* [TASK INPUT]
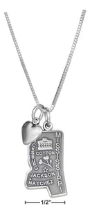 Sterling Silver 18" Mississippi State Pendant Necklace With Heart Charm
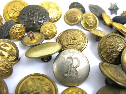 Søværnet, telegraftropper, gardeuniformsknapper m.v. samt 2 udmærkelsestegn.
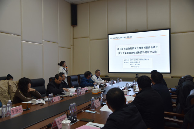 導(dǎo)讀:1月14日,山東省重點(diǎn)研發(fā)計(jì)劃(公益類)項(xiàng)目“基于廢棉織物的胺化纖維素樹脂的合成及其對(duì)含氟表面活性劑和染料的有效去除”項(xiàng)目驗(yàn)收會(huì)議在公司舉行。
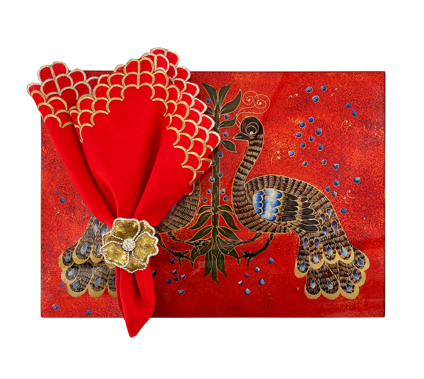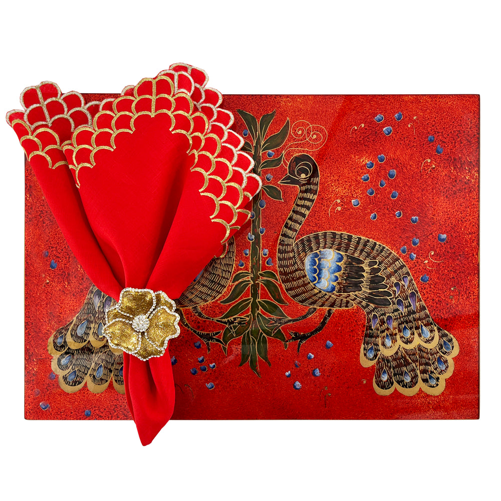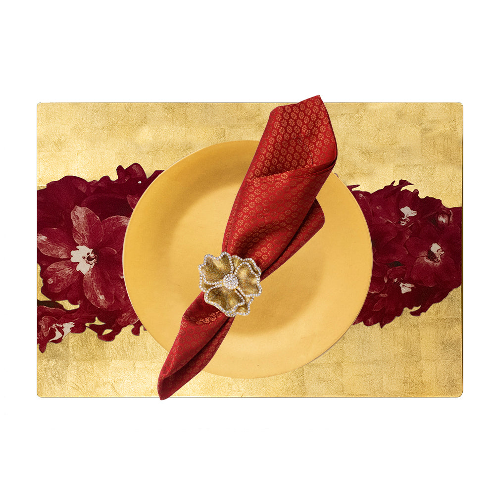 Gold with Red Floral Center Handpainted Lacquer Rectangular Placemat
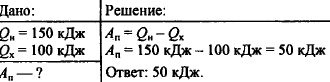 Тепловой двигатель за некоторое время получает от нагревателя количество теплоты, равное 150 кДж, а отдает холодильнику количество теплоты, равное 100 кДж. Определите полезную работу двигателя за это время

* [EXERCISE DIRECTIONS] Restate every line above word for word. Do not carry over the images.

* [RESULT FOR THIS EXERCISE]
 Sterling Silver 18" Mississippi State Pendant Necklace With Heart Charm
 Søværnet, telegraftropper, gardeuniformsknapper m.v. samt 2 udmærkelsestegn.
 導(dǎo)讀:1月14日,山東省重點(diǎn)研發(fā)計(jì)劃(公益類)項(xiàng)目“基于廢棉織物的胺化纖維素樹脂的合成及其對(duì)含氟表面活性劑和染料的有效去除”項(xiàng)目驗(yàn)收會(huì)議在公司舉行。
 Gold with Red Floral Center Handpainted Lacquer Rectangular Placemat
 Тепловой двигатель за некоторое время получает от нагревателя количество теплоты, равное 150 кДж, а отдает холодильнику количество теплоты, равное 100 кДж. Определите полезную работу двигателя за это время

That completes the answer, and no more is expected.